* **THE PROBLEM**
Exclude the images and repeat all remaining entries exactly.

= Beginning of Section =

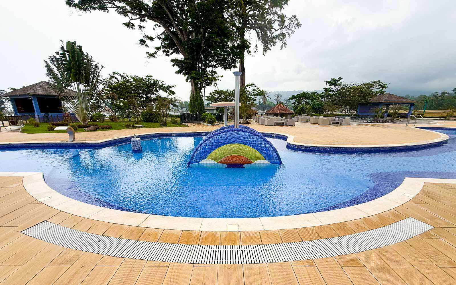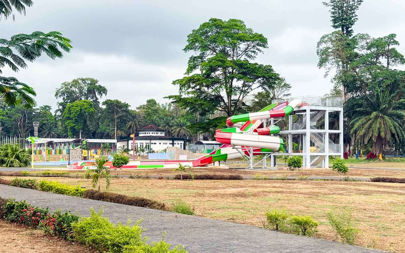 Riabassakaan ihmisiä ei ollut mitenkään häiriöksi asti. Syystä tai toisesta oppaamme halusi kierrättää meitä autiossa resortissa. Ison uima-allasalueen ympärillä oli tarjolla bungaloweja ja vähän kauempana vesiliukumäkiä ja lapsille tarkoitettu puisto. Kaikkialla oli siistiä, mutta ihmisiä ei ollut. Oppaamme mukaan toisaalta ihmisillä ei ole rahaa, toisaalta vaikka olisi, niin he eivät halua tukea diktaattorin suvun liiketoimia. Rahaa kun on, niin sillä, käytetäänkö näitä resortteja juuri nyt tai ei, ei ole niin väliä. Aluetta kuitenkin ylläpidetään hyvin, kuulemma huolto- ja siivoushenkilökunta on pääosin Marokosta, jostain syystä. Välillä alueella saattaa olla joku seurue juhlimassa jotain – vaikkapa näiden marokkolaisten työntekijöiden sukua.
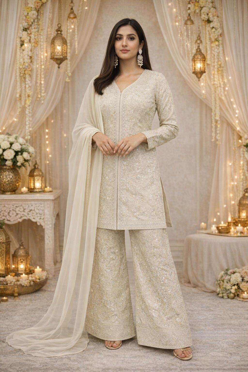 Cream Color Party Wear Designer Indo-Western Plazo Suit
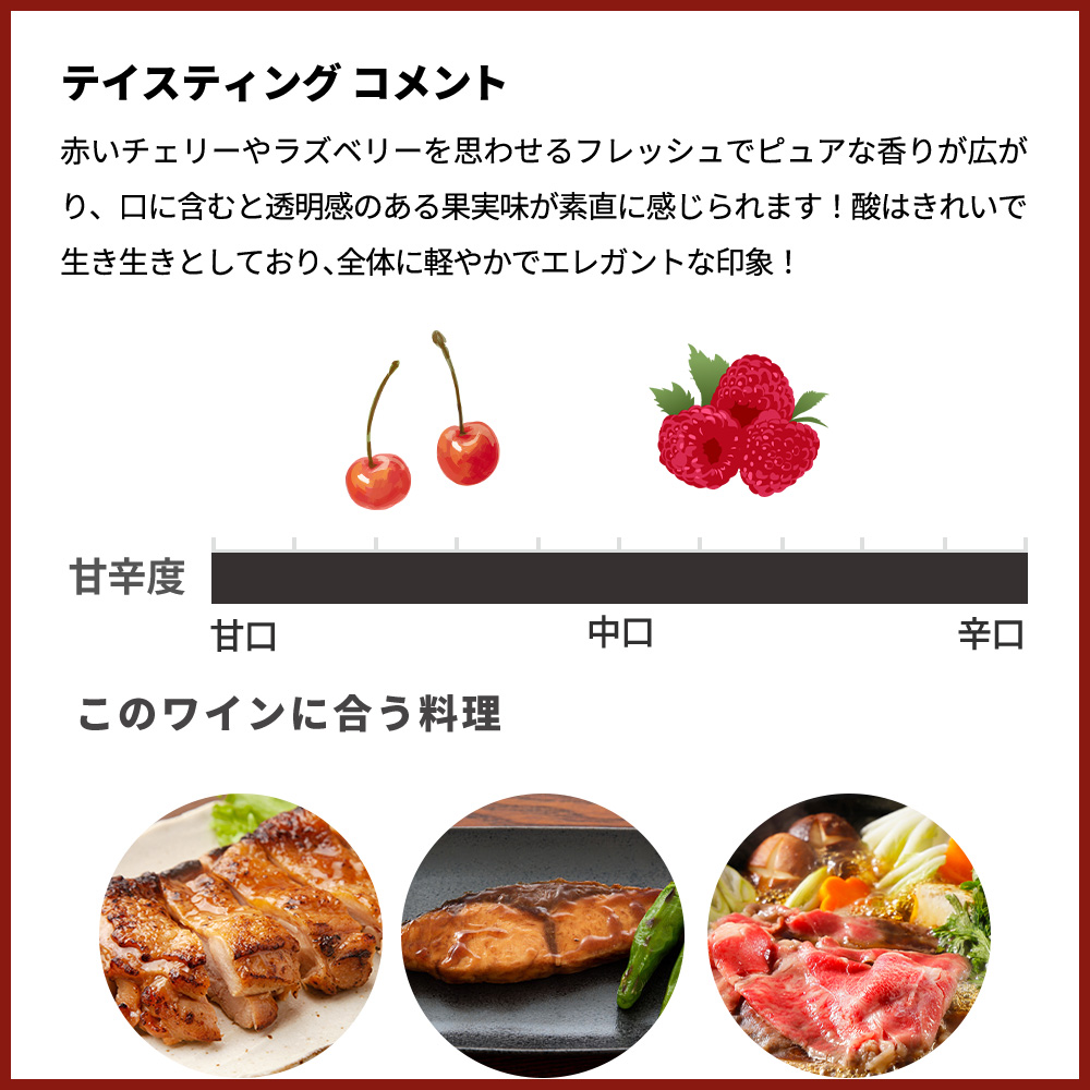 赤いチェリーやラズベリーを思わせるフレッシュでピュアな香りが広がり、口に含むと透明感のある果実味が素直に感じられます!酸はきれいで生き生きとしており、全体に軽やかでエレガントな印象!タンニンは穏やかで滑らか、過度な樽の主張はなく、果実の純度が前面に出ています!余韻にはほのかなスパイスや土っぽさが感じられ、ナチュラルでバランスの良い仕上がり!重厚さよりも繊細さと飲み心地の良さが魅力の一本!オーク樽醗酵&熟成の傑作アルザス・ピノ・ノワールが限定で少量入荷!鶏のロースト、鴨、豚肉料理、和食 (照り焼き、すき焼き軽め) と相性抜群!
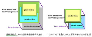 “Exmor RS”采用了独特的“堆叠式结构”。该结构将承载背照式像素结构的像素部分叠放于附着信号处理电路的芯片上方,取代了用于背照式CMOS影像传感器的传统的支撑衬底。
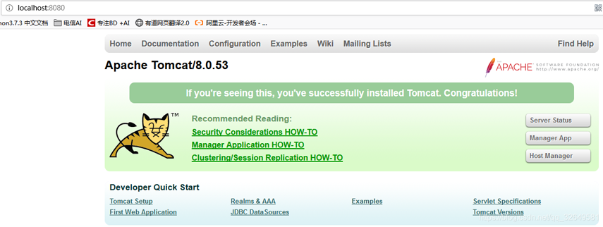 4.如果以上問題都解決了,在瀏覽器的地址欄中輸入“http://localhost:8080”,如果出現一個有小貓的界面,那就說明問題已經解決了,但是如果仍然有問題,就按照上面的方法來檢查,看是哪兒出現了錯誤。打開的網址的時候前提startup.bat已經在運行。不然還是不能正常顯示的。
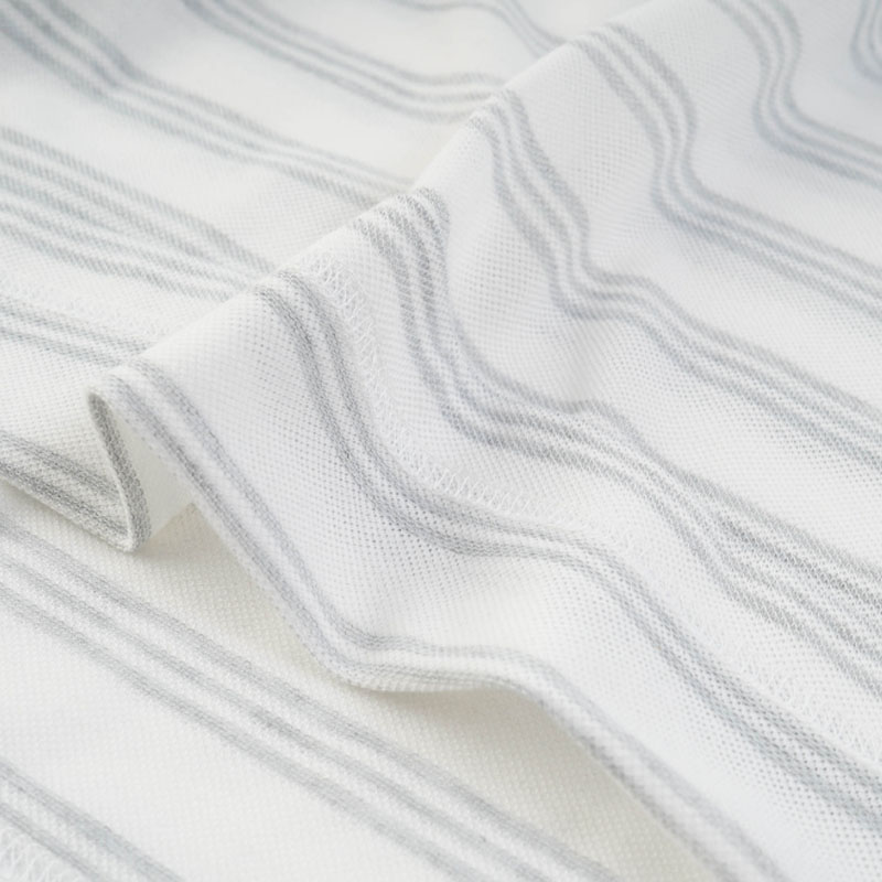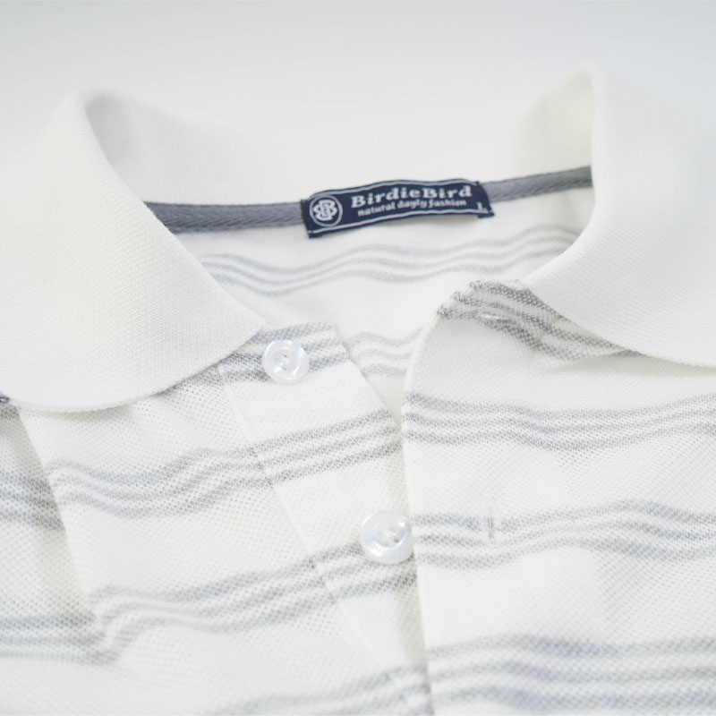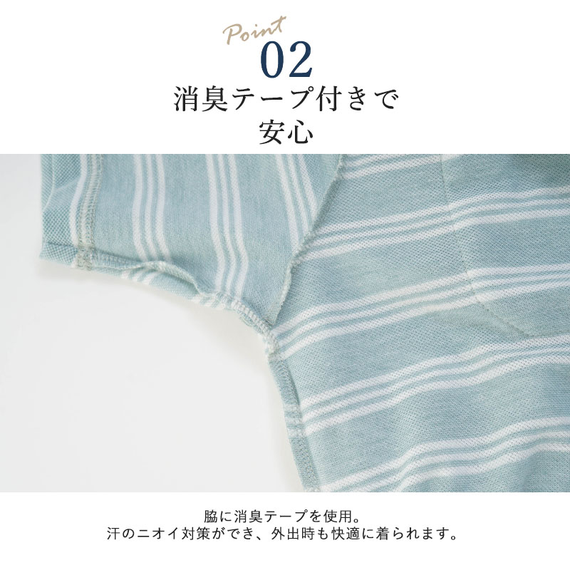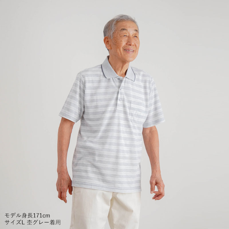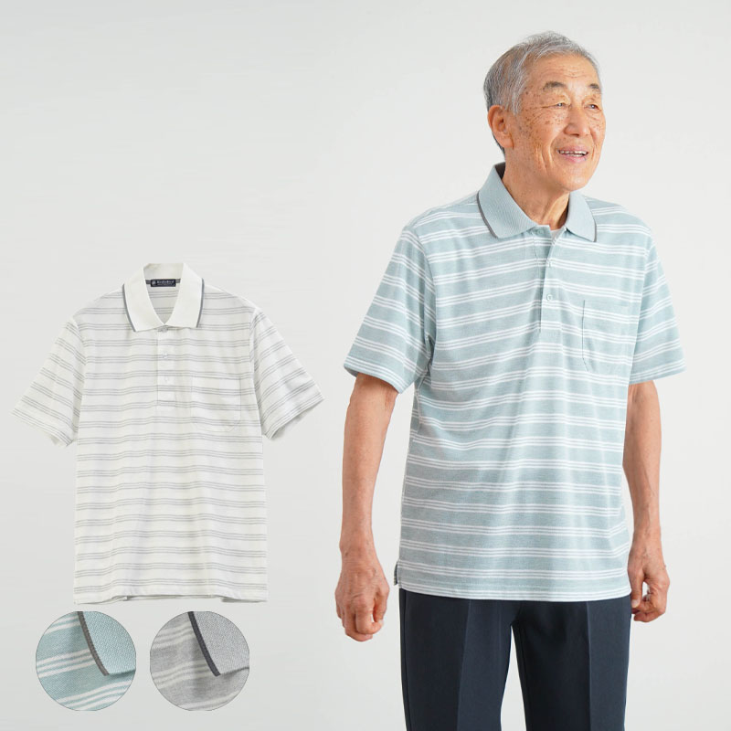 ● 上品なボーダー柄が魅力のポロシャツ。綿混素材でさらっとした肌ざわりが心地よく、見た目も涼しげです。
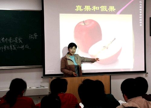 真假苹果你能鉴别吗?城市学院教师基本功比赛近日拉开帷幕,参赛教师纷纷上讲台施展才华,给同学讲授自己最拿手的课程。图为生命科学学院参赛教师讲授《药用植物学》。(摄影:陈昊)
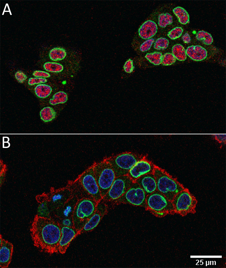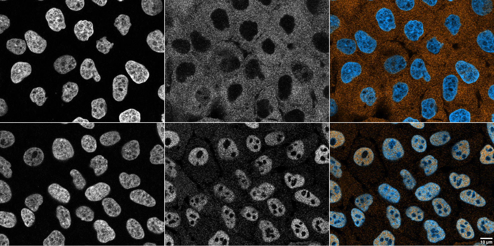 Examples of nuclear translocation assay. Any confocal microscope can be used for this.
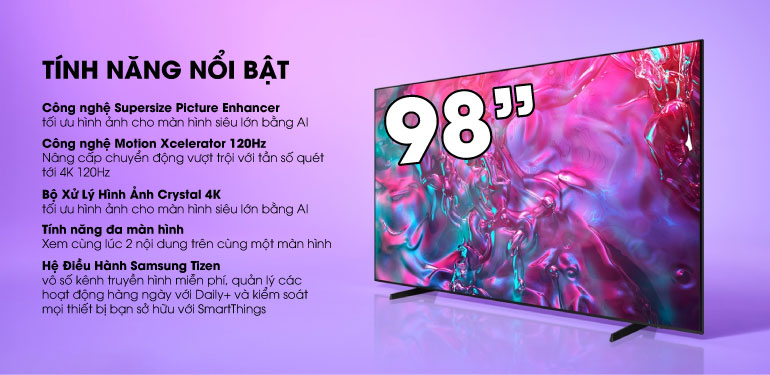 Tivi Samsung 98 inch này sẽ nâng cấp mọi nội dung yêu thích lên đạt chuẩn 4K nhờ bộ xử lý Crystal 4K giúp bạn tận hưởng những thước phim nguyên bản thật như cuộc sống với công nghệ ánh xạ màu tiên tiến.
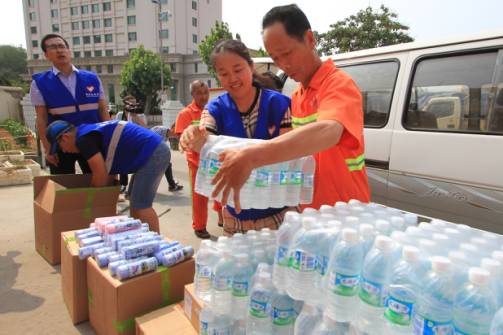 活动前期,威海团市委通过微博、微信等新媒体,向社会发出“爱心募集令”,向青企协会员单位及其他爱心企业广泛募集爱心水杯、爱心毛巾、矿泉水等物品;同时发动各临街商铺等社会力量结合自身特点为环卫工人、交警等群体临时增设休憩站、纳凉点,并在休憩站点提供饮用水、休息座椅等。倡议书发起后,得到了爱心企业的积极响应,先后有水务集团、福缘爱家居用品、威海地税局、山东燕喜堂、威海非鱼莫蜀餐饮有限公司、锦上花糖酒、拓商集团等爱心单位报名参与,共募集了455箱矿泉水、1000多条毛巾、300个水杯、200盒藿香正气水、100瓶风油精等降暑物资。

= End of Section =

* **RESPONSE TO THE TASK**
 Riabassakaan ihmisiä ei ollut mitenkään häiriöksi asti. Syystä tai toisesta oppaamme halusi kierrättää meitä autiossa resortissa. Ison uima-allasalueen ympärillä oli tarjolla bungaloweja ja vähän kauempana vesiliukumäkiä ja lapsille tarkoitettu puisto. Kaikkialla oli siistiä, mutta ihmisiä ei ollut. Oppaamme mukaan toisaalta ihmisillä ei ole rahaa, toisaalta vaikka olisi, niin he eivät halua tukea diktaattorin suvun liiketoimia. Rahaa kun on, niin sillä, käytetäänkö näitä resortteja juuri nyt tai ei, ei ole niin väliä. Aluetta kuitenkin ylläpidetään hyvin, kuulemma huolto- ja siivoushenkilökunta on pääosin Marokosta, jostain syystä. Välillä alueella saattaa olla joku seurue juhlimassa jotain – vaikkapa näiden marokkolaisten työntekijöiden sukua.
 Cream Color Party Wear Designer Indo-Western Plazo Suit
 赤いチェリーやラズベリーを思わせるフレッシュでピュアな香りが広がり、口に含むと透明感のある果実味が素直に感じられます!酸はきれいで生き生きとしており、全体に軽やかでエレガントな印象!タンニンは穏やかで滑らか、過度な樽の主張はなく、果実の純度が前面に出ています!余韻にはほのかなスパイスや土っぽさが感じられ、ナチュラルでバランスの良い仕上がり!重厚さよりも繊細さと飲み心地の良さが魅力の一本!オーク樽醗酵&熟成の傑作アルザス・ピノ・ノワールが限定で少量入荷!鶏のロースト、鴨、豚肉料理、和食 (照り焼き、すき焼き軽め) と相性抜群!
 “Exmor RS”采用了独特的“堆叠式结构”。该结构将承载背照式像素结构的像素部分叠放于附着信号处理电路的芯片上方,取代了用于背照式CMOS影像传感器的传统的支撑衬底。
 4.如果以上問題都解決了,在瀏覽器的地址欄中輸入“http://localhost:8080”,如果出現一個有小貓的界面,那就說明問題已經解決了,但是如果仍然有問題,就按照上面的方法來檢查,看是哪兒出現了錯誤。打開的網址的時候前提startup.bat已經在運行。不然還是不能正常顯示的。
 ● 上品なボーダー柄が魅力のポロシャツ。綿混素材でさらっとした肌ざわりが心地よく、見た目も涼しげです。
 真假苹果你能鉴别吗?城市学院教师基本功比赛近日拉开帷幕,参赛教师纷纷上讲台施展才华,给同学讲授自己最拿手的课程。图为生命科学学院参赛教师讲授《药用植物学》。(摄影:陈昊)
 Examples of nuclear translocation assay. Any confocal microscope can be used for this.
 Tivi Samsung 98 inch này sẽ nâng cấp mọi nội dung yêu thích lên đạt chuẩn 4K nhờ bộ xử lý Crystal 4K giúp bạn tận hưởng những thước phim nguyên bản thật như cuộc sống với công nghệ ánh xạ màu tiên tiến.
 活动前期,威海团市委通过微博、微信等新媒体,向社会发出“爱心募集令”,向青企协会员单位及其他爱心企业广泛募集爱心水杯、爱心毛巾、矿泉水等物品;同时发动各临街商铺等社会力量结合自身特点为环卫工人、交警等群体临时增设休憩站、纳凉点,并在休憩站点提供饮用水、休息座椅等。倡议书发起后,得到了爱心企业的积极响应,先后有水务集团、福缘爱家居用品、威海地税局、山东燕喜堂、威海非鱼莫蜀餐饮有限公司、锦上花糖酒、拓商集团等爱心单位报名参与,共募集了455箱矿泉水、1000多条毛巾、300个水杯、200盒藿香正气水、100瓶风油精等降暑物资。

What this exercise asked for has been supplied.